I guess I ahve it twice as bad then. I like particle and the physics involved and I'm a NASCAR fan. :biggrin:

Why launch the particle at gold specifically?
 
  • #22
misskitty said:
I guess I ahve it twice as bad then. I like particle and the physics involved and I'm a NASCAR fan. :biggrin:

Why launch the particle at gold specifically?

Heh,hold on,you're on a dangerous ground here,at this rate,you might even fall in love with a physicist... :wink:

Are u referring to the famous Rutherford-Marsden-Geiger experiment...?They needed a solid,chemically pure substance,made up of one species of atoms,with a high # of electrons in the atom,so that the alpha particles would have plenty of interactions.His theory proved that significant scattering at large angles was noticed with heavier atoms...

Listen to this guy
http://www.mhhe.com/physsci/chemistry/essentialchemistry/flash/ruther14.swf

and read this guy

http://galileo.phys.virginia.edu/classes/252/Rutherford_Scattering/Rutherford_Scattering.html


Daniel.
 

1. What is tensor analysis?

Tensor analysis is a branch of mathematics that deals with the properties and operations of tensors, which are mathematical objects that describe the relationships between different coordinate systems. In the context of space exploration, tensor analysis is used to understand the curvature of space and its effects on the movement of objects.

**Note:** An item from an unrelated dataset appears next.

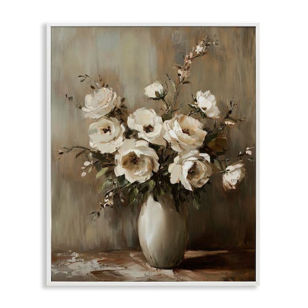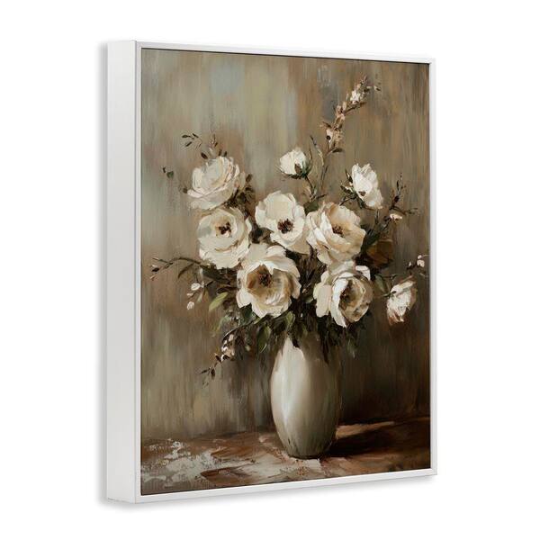 Neutral Traditional Bouquet by Petal Prints Design White Framed Nature Giclee Art Print 14 in. x 11 in.

2. How does tensor analysis help us explore the curvature of space?

Tensor analysis allows us to describe and quantify the curvature of space by using mathematical equations to represent the relationships between different points in space. This helps us to understand how space is distorted by the presence of massive objects, such as planets and stars.

3. Can you give an example of how tensor analysis is used in space exploration?

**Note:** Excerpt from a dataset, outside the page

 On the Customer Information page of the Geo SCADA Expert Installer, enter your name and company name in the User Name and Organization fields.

One example is the use of tensors in Einstein's theory of general relativity, which describes how the curvature of space is related to the distribution of matter and energy. The famous equation E=mc² is a result of this theory, and it explains the relationship between mass and energy in the context of gravitational fields.

4. What are some practical applications of tensor analysis in space exploration?

Tensor analysis is used in the design and navigation of spacecraft, as it allows us to account for the effects of gravity and the curvature of space on their trajectories. It is also used in studying the effects of black holes and other massive objects on the fabric of space.

5. Is tensor analysis a difficult concept to understand?

Tensor analysis can be a challenging concept to grasp, as it involves advanced mathematical concepts and equations. However, with a strong foundation in mathematics and physics, it can be understood and applied to explore the curvature of space. It is a complex yet fascinating area of study that continues to advance our understanding of the universe.